[[ AVAILABLE DATA, beginning ]]

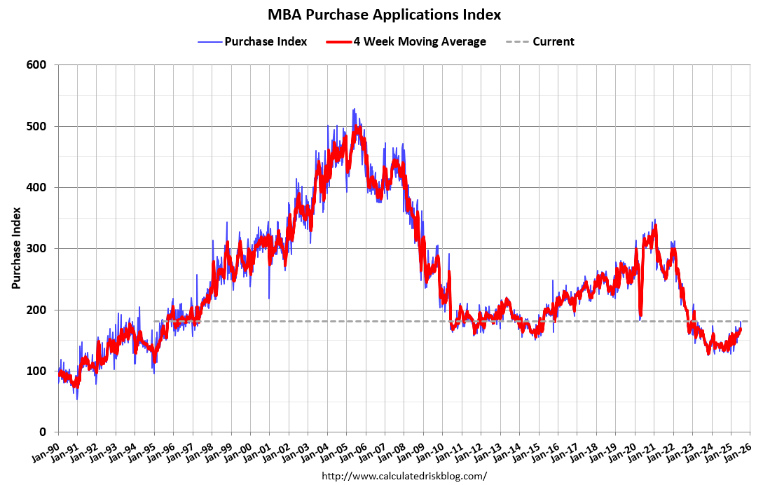 Here is a graph showing the MBA mortgage purchase index released last week. Purchase application activity is up from the lows in late October 2023 and is above the lowest levels during the housing bust.
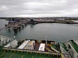Salt Island is part of the port of Holyhead and almost the whole extent of the island is used as a passenger, car and freight terminal and berths for ferries to and from Ireland. Both Irish Ferries and Stena Line sail from Salt Island to the Port of Dublin. The Holyhead lifeboat station is on the island. The Admiralty Arch, the end of the A5 which links London to Holyhead is located very close to the southern tip of the island. This was opened in 1826 when the last section of the road the Menai Suspension Bridge was completed. Access to the island as a whole is strictly monitored and is virtually impossible for pedestrians to enter.
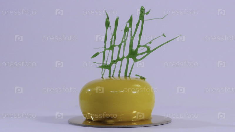 Современный желтый моссовый торт, украшенный зеленым карамелем на белом фоне
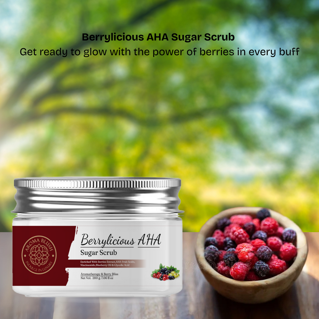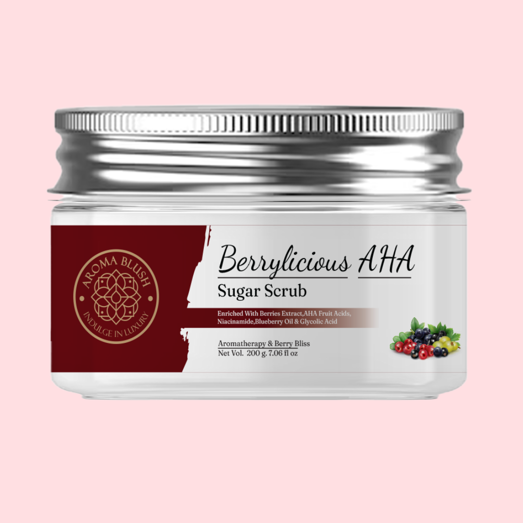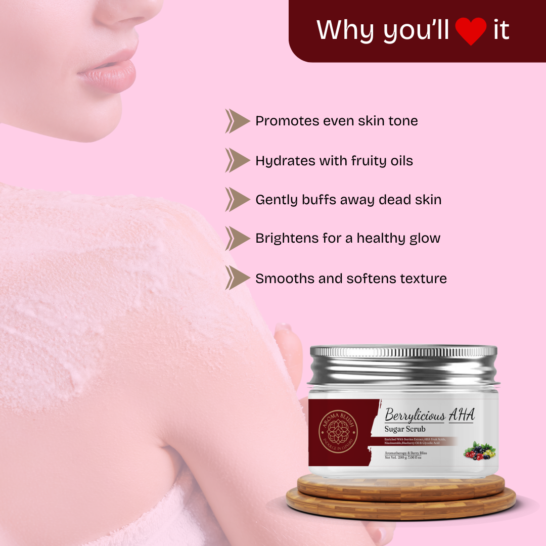 AROMABLUSH Berrylicious AHA Sugar Scrub | Enriched with AHA Fruit Acids, Berry Extracts, Niacinamide, Blueberry Oil & Glycolic Acid

[[ AVAILABLE DATA, end ]]

With the pictures excluded, retype exactly the lines from the one containing "Современный желтый моссовый" through the last line of the listing, both ends included.

 Современный желтый моссовый торт, украшенный зеленым карамелем на белом фоне
 AROMABLUSH Berrylicious AHA Sugar Scrub | Enriched with AHA Fruit Acids, Berry Extracts, Niacinamide, Blueberry Oil & Glycolic Acid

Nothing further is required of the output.